The robot control device 110 determines a holding mode by using a trained model generated by the trained model generation device 10 and controls the robot 2 such that the robot 2 holds the holding target object 80 in the determined holding mode.
The robot control device 110 may include at least one processor to provide control and processing capabilities for executing various functions. The individual components of the robot control device 110 may include at least one processor. Multiple components among the components of the robot control device 110 may be implemented by one processor. The entire robot control device 110 may be implemented by one processor. The processor can execute a program for implementing the various functions of the robot control device 110. The processor may be configured to be the same as or similar to the processor used in the trained model generation device 10.

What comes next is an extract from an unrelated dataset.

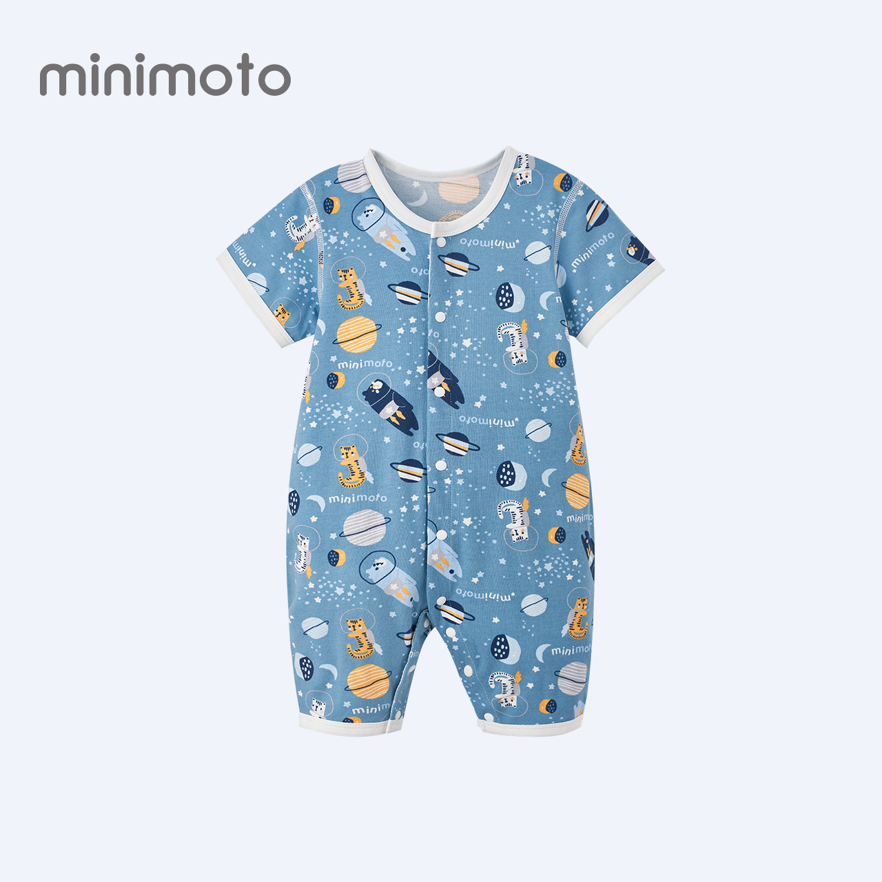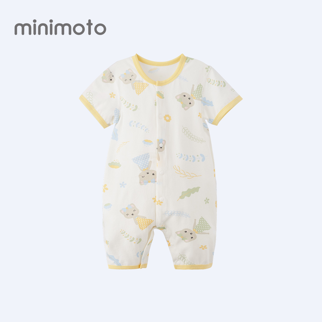 小米米童衣夏装新款男女童连体衣宝宝凉爽冰瓷棉爬服哈衣新生儿和尚服MIM-YJ11001

The robot control device 110 may include a storage unit. The storage unit may be configured to be the same as or similar to the storage unit used in the trained model generation device 10.
The controller 12 of the trained model generation device 10 performs learning by using, as learning data, an image captured by photographing the holding target object 80 or an image generated from CAD data or the like of the holding target object 80 and class information of the holding target object 80, and generates a trained model for inferring a holding mode for the holding target object 80. The learning data may include teacher data used in so-called supervised learning. The learning data may include data that is used in so-called unsupervised learning and that is generated by a device that performs learning. An image captured by photographing the holding target object 80 or an image generated as an image of the holding target object 80 is collectively referred to as a target object image. As illustrated in
The class inference model 40 receives a target object image as an input. The class inference model 40 infers a holding category into which the holding target object 80 included in the input target object image is to be classified. That is, the class inference model 40 classifies the target object into any one of multiple inferable holding categories. The multiple holding categories that can be inferred by the class inference model 40 are categories outputtable by the class inference model 40. A holding category is a category indicating a difference in the shape of the holding target object 80, and is also referred to as a class.
The class inference model 40 classifies the holding target object 80 included in the input holding target image into a predetermined class. The class inference model 40 outputs, based on the target object image, a classification result obtained by classifying the holding target object 80 into a predetermined class. In other words, the class inference model 40 infers, based on the input target object image, a class to which the holding target object 80 belongs when the holding target object 80 is classified into a class.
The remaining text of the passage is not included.